If You Install It, They Will Subscribe: How The New York Times Uses Its Mobile App To Convert Readers To Subscribers

 Engaged readers make for loyal subscribers.

The New York Times’ mobile app, which the publisher once feared would cannibalize its desktop subscriber rate, has proven to be the watering hole where many of the Times’ young, engaged readers hang out. Readers within the app rank among the most loyal and committed, in terms of the Times’ engagement metrics.

“The mobile app is an audience-centric experience,” said Bryan Davis, senior manager of audience marketing at the Times. “It’s a slightly easier reading experience, it’s fast, and viewing and listening in the app is more intuitive. We know that all these moments are closely tied with subscription propensity.”

Readers who install an app are 60% more likely than the Times’ most active web readers to subscribe within the next 60 days.

Davis’ team works to get more readers to try the app experience and then join the Times’ 2.3 million digital subscribers (out of a total of 3.3 million print and digital subscribers, as of Q2).

The Times markets its app by focusing on readers who are already consuming the Times’ via mobile web and social platforms like Facebook, Instagram, Twitter and Snapchat.

“We want to find people that have behaviors that cross over not only to engage with the app, but install it in the first place,” Davis said. “Installation is a hurdle in the industry as a whole.”

The Times has found success with calls-to-actions that focus on installing the app instead of subscribing. Once the user installs the app, “the gateway [or paywall] is a big conversion moment for us,” Davis said.. “And the likelihood to subscribe [after the paywall] is higher than what we typically see on desktop and mobile web,”

The mobile app helped the Times connect with younger potential subscribers. Since the November election, readers 18-24 have accounted for 14% of new monthly app installs, Davis said.

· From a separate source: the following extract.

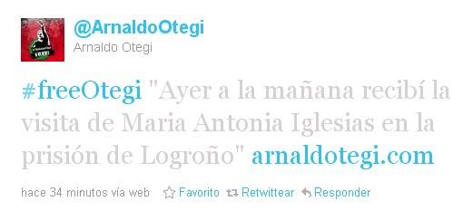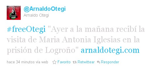 En un escueto mensaje enviado a través de la red social Twitter, donde tiene un perfil que actualizan las personas más cercanas a él, dice: "Ayer a la mañana recibí la visita de María Antonia Iglesias en la prisión de Logroño". El dirigente batasuno se encuentra allí cumpliendo una condena de diez años por pertenencia a organización terrorista en calidad de dirigente.

The Times markets to this demographic on the platforms where they’re more comfortable, and it uses softer messaging. On Instagram, for example, it doesn’t use calls-to-actions encouraging the user to subscribe right away.

“A subscription message might not be the first thing we want to show those readers, because as a younger subscriber they have a different conversion rate,” Davis said.

When it comes to driving app installs, Facebook Messenger has been a breakout hit, recently surpassing Facebook proper as the most efficient channel to reach college students.

On Facebook Messenger, readers are 30% more likely to click through app store pages and install Times products than average.

On Snapchat, where the Times started posting content in April, the publisher is exploring ways it can incorporate app-install ads – but it hasn’t started advertising there yet.

Many of these platforms have made it easier to run app-install campaigns in recent years, but that has also increased advertising costs. The Times hasn’t seen costs spiral the way games or freemium apps have, Davis said, in part because it’s always focused on marketing to a high-quality reader.

“We are less focused on scale and more on the quality of reader that we reach,” Davis said.

Using a marketing approach focused on attracting a quality reader is showing signs of paying off in terms of lifetime value.

Readers tend to consume longer stories and read across multiple different sections more than other readers, so they value their subscriptions more. And the Times is reaching a generation of younger readers who may subscribe for years to come.

“The retention rate for annual app subscribers is the highest of any of our subscription offerings,” Davis said.